Tribunal de Contas da União busca reajuste em adicionais de servidores
O Tribunal de Contas da União (TCU) enviou ao Congresso Nacional um projeto de lei que visa aumentar em até 40% as gratificações destinadas a servidores que ocupam cargos de confiança e funções de chefia na instituição. A proposta surge em um momento em que o próprio TCU manteve o pagamento integral dessas verbas, conhecidas como “penduricalhos”, a servidores da Câmara dos Deputados, do Senado Federal e da própria Corte, mesmo quando a remuneração ultrapassa o teto constitucional. A iniciativa, assinada pelo presidente do TCU, ministro Vital do Rêgo, detalha a atualização de valores para as oito faixas de gratificação existentes, com a maior delas (FC-8) podendo saltar de R$ 8.987,39 para R$ 12.132,98 e a menor (FC-1) de R$ 1.554,42 para R$ 2.176,01. Atualmente, o TCU conta com 913 funções de confiança distribuídas entre esses níveis, sendo a FC-3 a que concentra o maior número de postos, com 297 cargos.
A justificativa apresentada pelo TCU para o aumento proposto aponta que os valores atuais das gratificações estariam defasados em relação às responsabilidades exigidas dos ocupantes das funções e aos pagamentos efetuados em outros órgãos federais.
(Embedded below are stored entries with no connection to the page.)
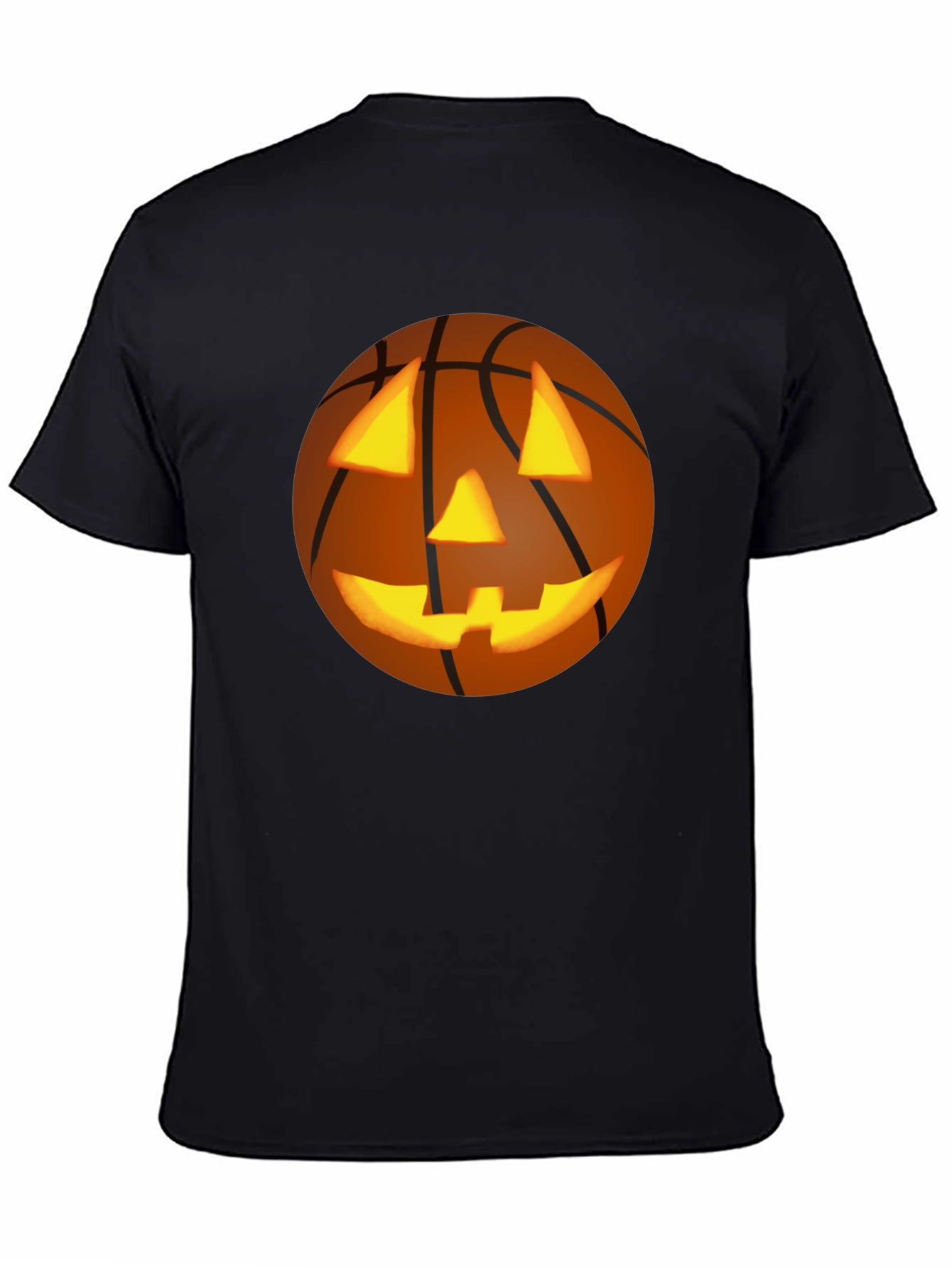 Get ready for Halloween with this unique black t-shirt featuring a fun and festive design. A basketball is cleverly reimagined as a jack-o'-lantern, combining sports and spooky season. This shirt is perfect for basketball lovers who enjoy Halloween. Made from a comfortable material, it's ideal for casual wear, Halloween parties, or even a basketball-themed costume. Stand out with this creative and eye-catching t-shirt that shows off your love for both basketball and Halloween!
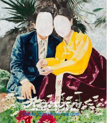 박유아 씨의 작품 속 '부부'는 전 남편 고승덕 후보와 찍은 과거 사진을 차용한 작품으로 관심을 모았다. 특히 부부의 얼굴을 하얀 색으로 칠해 다정해 보이는 '부부'의 거리감이나 낯선 사람이 만나 한 가정을 이루는 부부의 숙명을 표현했다.
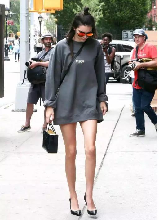 The mid-length gray sweatshirt is fashionable yet simple and elegant. It looks fashionable yet casual when you look at it. Outstanding. Its loose fit is also very good at storing the body shape. The addition of shorts is hidden under the hem of the clothes, making it look neat and elegant, and it also lengthens the slender legs. With the help of a pair of black high heels, the sexy style is well interpreted, making you feel very beautiful and feminine.
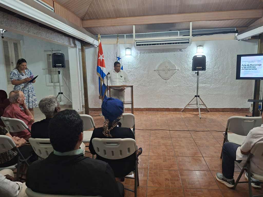 En el acto, que también mostró solidaridad con el pueblo de Palestina, víctima del genocidio israelí, el embajador de la nación caribeña en el istmo, Víctor Cairo, indicó que su país ha sido víctima del terrorismo y puso como ejemplo que más de tres mil 400 compatriotas fallecieron como resultado de las agresiones de Estados Unidos.

O tribunal busca, com a atualização, reduzir as disparidades remuneratórias entre sua estrutura de funções de confiança e as de instituições como a Câmara, o Senado e o Poder Executivo. O projeto retoma uma proposta anterior que havia sido parcialmente vetada pelo presidente Luiz Inácio Lula da Silva (PT), sendo agora reapresentada após a superação do impedimento jurídico apontado na época. O objetivo é restabelecer a proporcionalidade entre a remuneração e as atribuições dos servidores.
Decisão recente permite pagamento de verbas acima do teto constitucional
A proposta de aumento nas gratificações acontece pouco tempo depois de o próprio TCU, em sessão no dia 15 de julho, ter decidido, por oito votos a um, que servidores da Câmara, do Senado e da Corte podem receber integralmente suas gratificações por direção e chefia, mesmo que a soma total de seus salários ultrapasse o teto constitucional. O limite remuneratório do funcionalismo público, que tem como referência o subsídio dos ministros do Supremo Tribunal Federal (STF), está atualmente em R$ 46.366,19. A decisão atendeu a uma solicitação do Sindicato dos Servidores do Poder Legislativo Federal e do Tribunal de Contas da União (Sindilegis), eliminando o chamado “abate-teto” para essas gratificações específicas.
O relator do caso, ministro Walton Alencar Rodrigues, inicialmente votou pelo não conhecimento da representação do sindicato, por entender que a entidade não possuía legitimidade para tal ação. No entanto, a maioria acompanhou a divergência aberta pelo presidente Vital do Rêgo, que reconheceu a admissibilidade do pedido e aprovou a nova interpretação sobre a aplicação do teto remuneratório. Essa decisão ganha relevância no contexto de outras manifestações recentes do STF sobre a incidência do limite remuneratório em parcelas pagas a membros do Judiciário, Ministério Público e Legislativo.
As informações foram reunidas a partir de dados divulgados pelo TCU.